It doesn't do anything when you touch it. This moves throughout the maze on it's on. When you hit it the walls come down (in reverse of the opening animation), the initialization is repeated, and then new walls go up. (The camera is rotated at initialization until it is facing an open cell.) This appears in the square immediately in front of the camera. I considered changing this to WebGL, but I left it like the original for accuracy.

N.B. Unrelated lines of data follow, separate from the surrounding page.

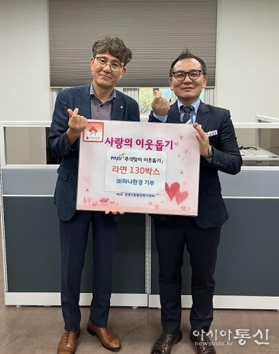 [아시아통신] 금촌2동이 추석 명절을 앞두고 ㈜하나환경으로부터 라면 130박스를 기탁 받았다.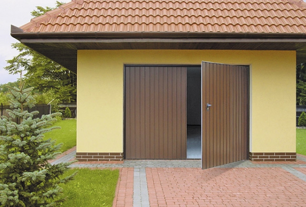 Конструктивно выполненные из профнастила гаражные распашные ворота выглядят вполне современно и привлекательно. Гаражные ворота из профнастила прекрасно подходят для монтажа не только на производственной территории, но и для оборудования гаражей на дачах и загородных участках.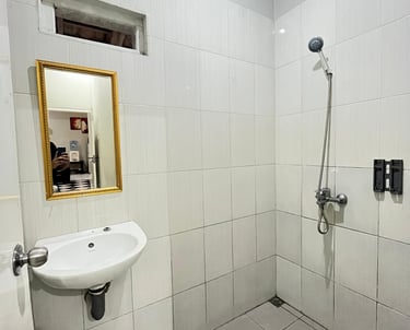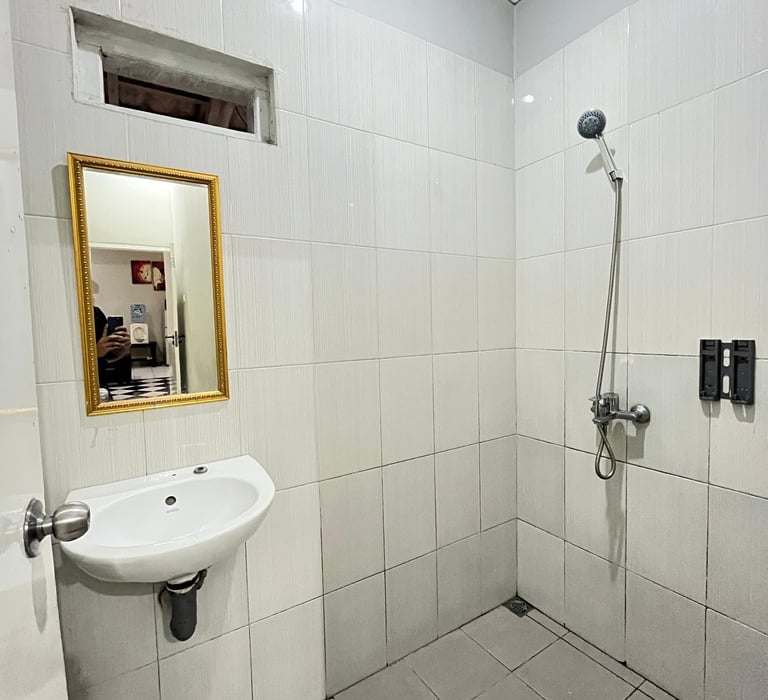 Kebersihan: Seluruh dinding dilapisi keramik putih untuk memastikan suasana tetap higienis dan terang. Terdapat ventilasi udara di bagian atas agar kamar mandi tidak lembap.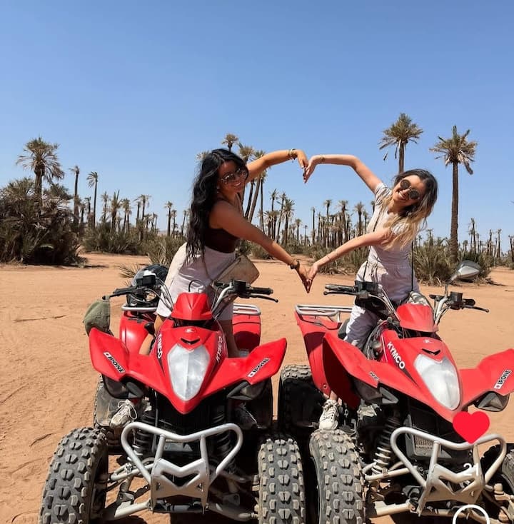 砂漠で四輪バギーに乗って温水プールを楽しみ、モロッコ料理のディナーショーを堪能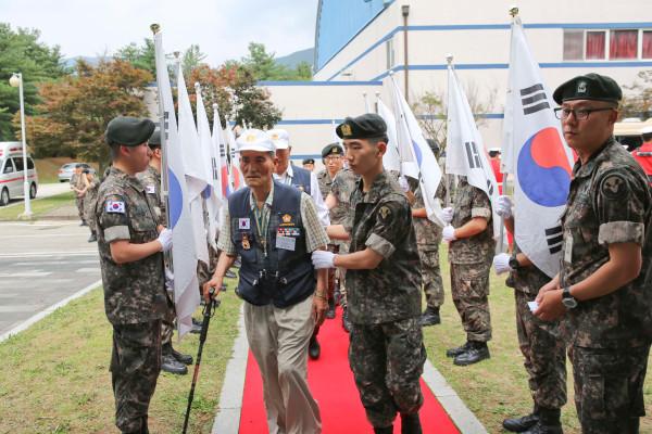 경기 포천시 소재 육군 제5군단은 6.25 참전용사들의 희생정신을 되새기자는 취지에서 ‘2018년 6.25전쟁 참전용사 초청행사’를 개최했다. 사진은 행사에 참석한 참전용사들이 군 장병의 안내를 받아 이동하는 모습.(사진제공=포천시청)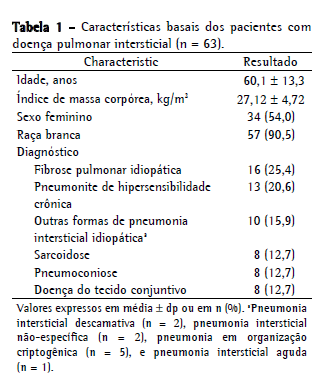 Um total de 63 pacientes com DPI foi incluído no estudo. As características basais dos pacientes são mostradas na Tabela 1. Os diagnósticos mais comuns foram fibrose pulmonar idiopática (FPI) e pneumonite de hipersensibilidade crônica. O diagnóstico de DPI foi feito com base em critérios clínicos e radiológicos em 44,4% dos pacientes, resultados da biópsia pulmonar a céu aberto em 36,5%, resultados da biópsia transbrônquica em 15,9% e resultados da biópsia mediastinal em 3,2%.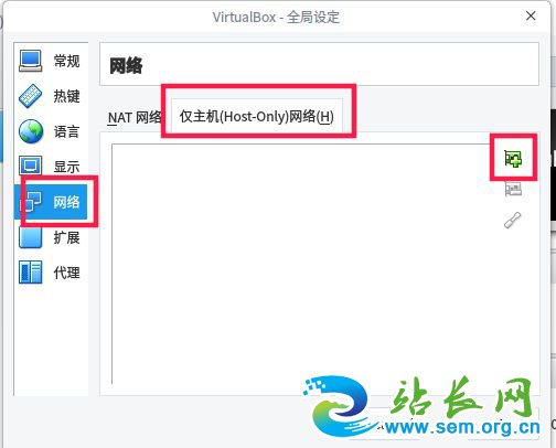 在弹出的界面,选择”网络“——”仅主机(host-only)网络“。点击如下图所示的+号添加。

I couldn't figure out how to extract these from the screensaver, so I extracted them from a unity clone of the screensaver I found online.īecause these are 2D I have them always rotate with the camera so the normal will always face the user when moving towards them. There are a few textures that appear in the middle of the maze. Then the polyhedra is removed from the map. Movement freezes, and the up vector is rotated 90 degrees about the current direction the camera was faced in. The effect of hitting any polyhedra is the same. This results in a very similar look to the original so it seems certain that Microsoft used a method like this. The coloring is done by having each face be a slightly darker shade of gray than the previous face. Dodecahedrons are a little bit harder than the other three because the sides aren't triangular. There are four types of polyhedra visible: tetrahedrons, octahedrons, octahedrons, and dodecahedrons. These positions (and of the 2D texture objects) are chosen at initialization and stored locally in javascript variables. There are several objects floating throughout the maze.
This function is used by both the camera and the rat, but the rat calls it twice as often as the camera so they move at different speeds and it's possible to cross. dead end) - rotate right (which will bring you to a state where the right side is open) if just-turned and front is open - forward.if in the middle of moving or turning, continue moving or turning.The goal is to always follow the right wall. There is a nextMove() function that determines the next step based on the current position, movement, and direction.
The lookat function from Maze.js is used, with the eye corresponding to the current location in the maze and the at being the sum of the position vector and the direction vector. So I used GIMP to create the 99x99 image that corresponds to one cell of the maze and then upscaled it to a 128x128 image. The ceiling texture was a 33x33 and this doesn't work well with WebGL because it isn't a Power of Two.
Most of the wall is red brick, but occasionally there is an image displayed on the wall, taken from a standard rendering example image that must have been used in the OpenGL manual Microsoft used. These files were extracted from the original screensaver. The walls, floor and ceiling each have specific textures. This array is looked at when determining the next move and when initially sending the vertex data to the GPU. This is randomly generated with recursive backtracking, based on an algorithm I found at. The maze is stored as a 2D array of "cells" with each cell being a four int array describing it's four walls. The matrix libraries used are from here and under the MIT License.įor comparison, a YouTube sample of the original screensaver can be found at Features that have been implemented: This project is a recreation of that screensaver using WebGL and Javascript.
After Dark (or "AD," as we called it) allowed you to select from a bunch of screensaver options, but the most popular was, at least among my friends, "Flying Toasters.In windows 95 (and a few later versions of Windows) there was a screensaver that rendered and then solved a 3D maze with a a few interactive obstacles. It was originally called "Magic ScreenSaver" before adopting the After Dark name (note: see the bottom of this post for a bit more on the history here).
Enjoy! Mac LC 575 - Flying ToastersĪfter Dark was a popular screensaver package developed in 1989. Here's a roundup of some screensavers I remember from the Good Old Days of computing - the 90s - when screensavers were delightfully corny, 3D graphics meant "the future," and flying toasters invaded our dreams. But what started as a pragmatic solution quickly turned to the realm of entertainment: if you're going to display some random stuff on the screen, why not make it fun? Screensavers were programs that kicked in when you weren't using the computer, in order to prevent "burn-in" of constant onscreen elements like menu bars. In the early days of CRT monitors, we had real technical reasons requiring screensavers for our computers.